Sunday, February 18, 2007

ALL gimmick and no substance

“If the most important thing to any of you is choosing someone who did not cast that [2002 vote authorizing military action in Iraq] or has said his vote was a mistake, then there are others to choose from.”
- Hillary Clinton (17 Feb 2007, Dover, N.H.)
Personally, I am mighty tired of politicians who make mistakes, and then refuse to state forthrightly that they did indeed make a mistake. Too much like Mr. High-and-Mighty occupying the seat at present.

More on Hillary, from her “advisors, friends and donors”:
“Mrs. Clinton […] never wanted to apologize—even if she viewed the war as a mistake—arguing that an apology would be a gimmick.”
Not only does she view the war as a mistake, but she refuses to acknowledge her active participation in its inception, and worse, sees this as a strength, according to another (unnamed) advisor:
“[Mrs. Clinton] doesn’t want to be […] the vacillating, flip-flopping Democratic candidate that went to defeat in 2000 and ’04. She wants to maintain a firmness… That’s what people will want in 2008.”
“Firmness” in the absence of humility and in the face of massive error? I don’t think so. We are not 10-year-olds and the President is not our parent.
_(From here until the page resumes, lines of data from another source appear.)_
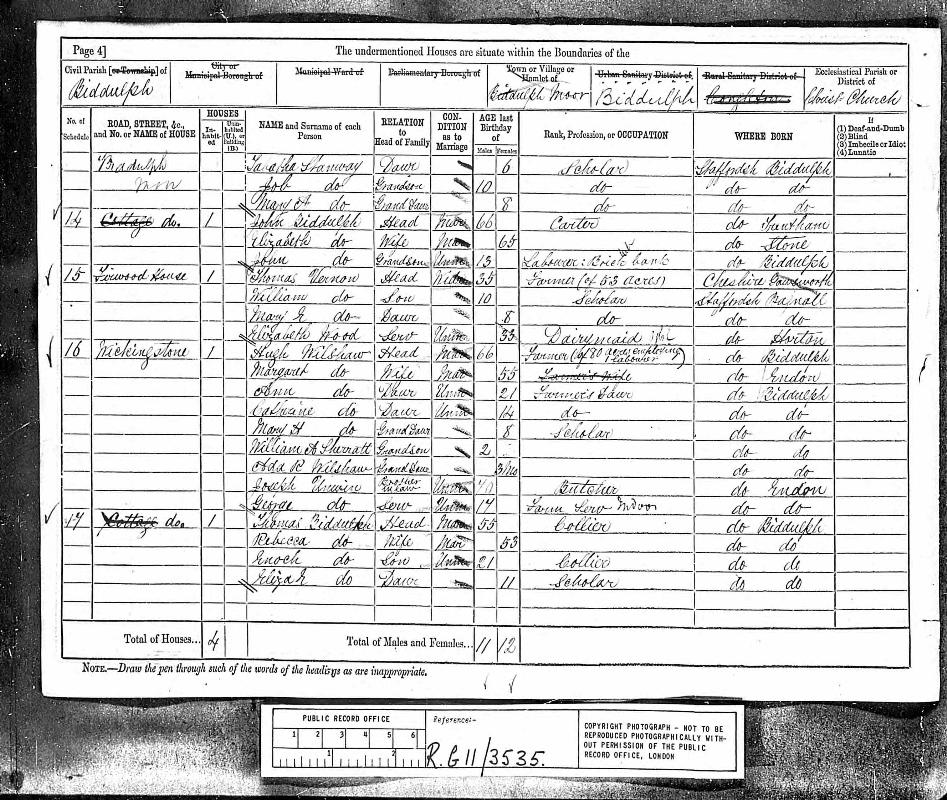| Residence | 1871 (age 11-12) | Biddulph, Staffordshire, England4,9 |
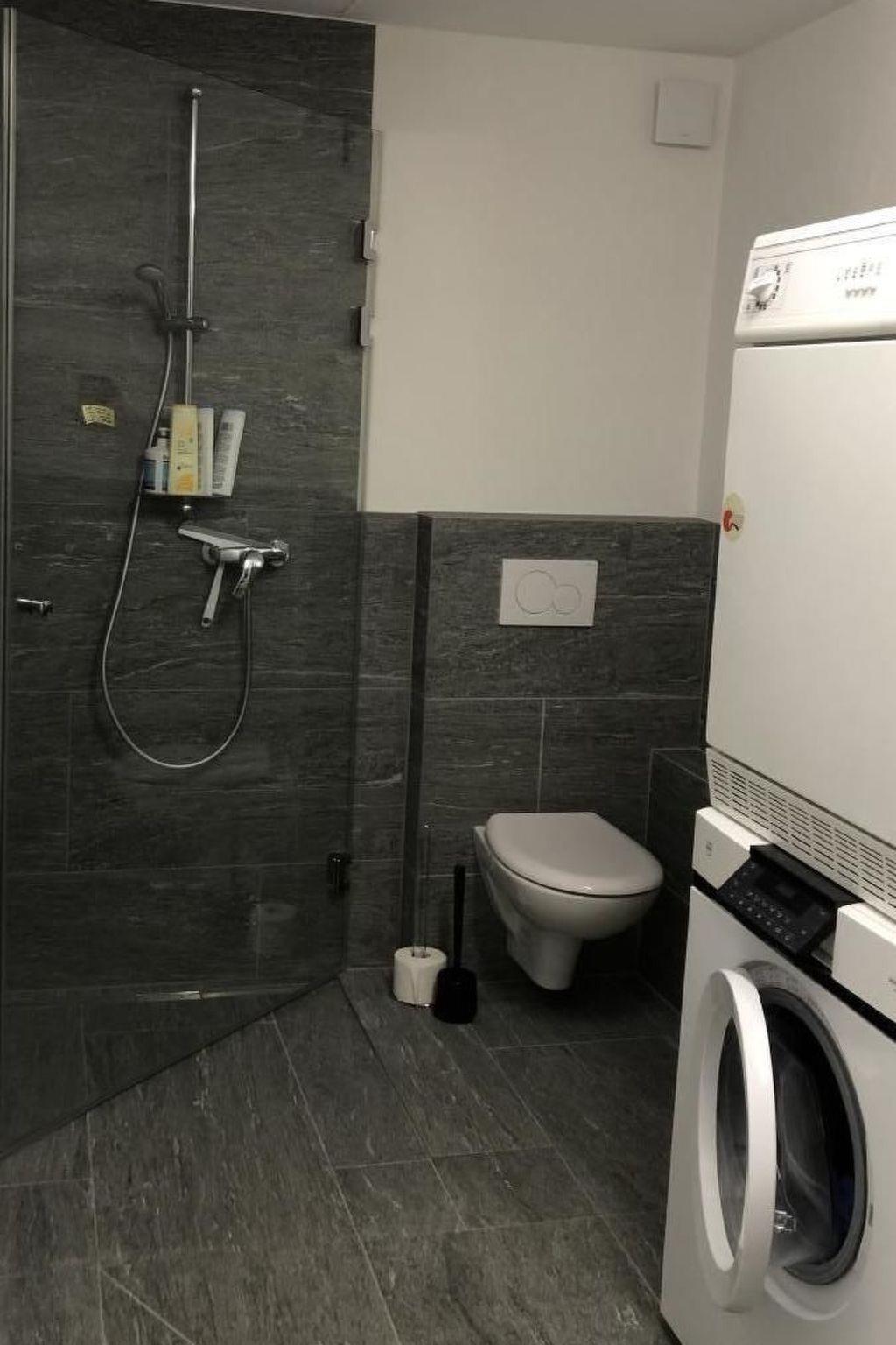 There is a large bathroom and a laundry room with washer and dryer. Store your shoes in a dedicated cabinet next to the entrance and your hiking or skiing gear in the basement wardrobe. The basement has also space next to the heater to store and dry the boots/skies and there is a work bench.
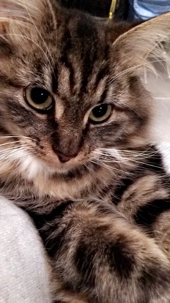 Brun/svart skimret pels. Hvit på brystet og spesielt på den ene poten.

Leadership is what we want. Choosing to defend an obvious-from-the-start ill-advised hand-off of Congressional responsibility to a President whose intel was being questioned from the beginning, and then refusing to acknowledge the base stupidity of that action does not qualify as leadership, and does not qualify one for the highest office in the land.

I am very tired of those covering their butts with “if I knew then what I know now” BS. How is it that so many of us without their privileged access knew from the very beginning that this was a bogus war begun on bogus premises and fought by bogus means? We’re not psychic, but only careful readers of readily available documents.
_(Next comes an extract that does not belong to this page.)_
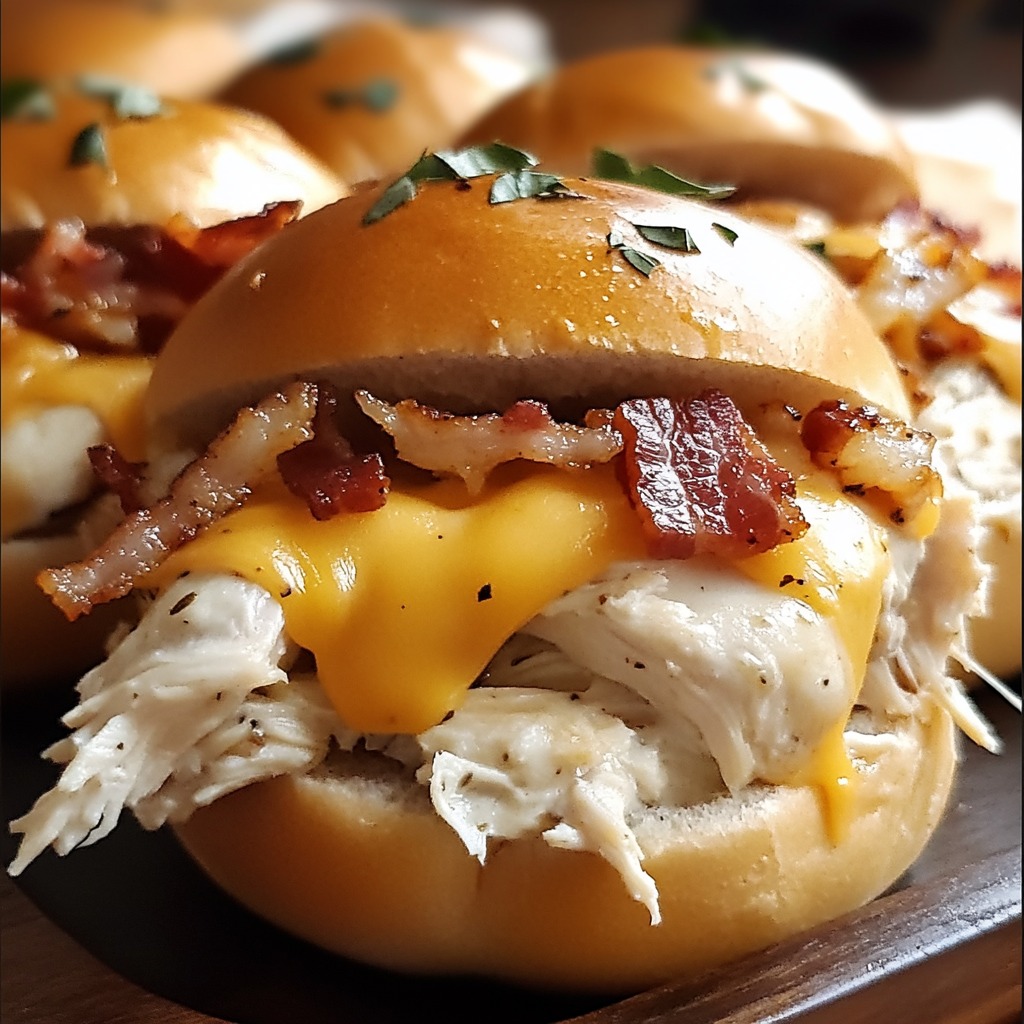 **🍗🥓 Mini kanapki z kurczakiem, bekonem i sosem ranch na słodkich hawajskich bułeczkach 😍🧀**

It takes no courage to go along with the crowd. It does take courage to independently assess the evidence and then disagree with the crowd, and it takes courage to be a leader. Hillary Clinton does not have what it takes, if she does not even have the iota of courage needed to admit her mistakes.

Politics is all about image now, with the big argument in her campaign over how such an apology would play with the voters. Give me a break. And take some lessons from Barbara Lee.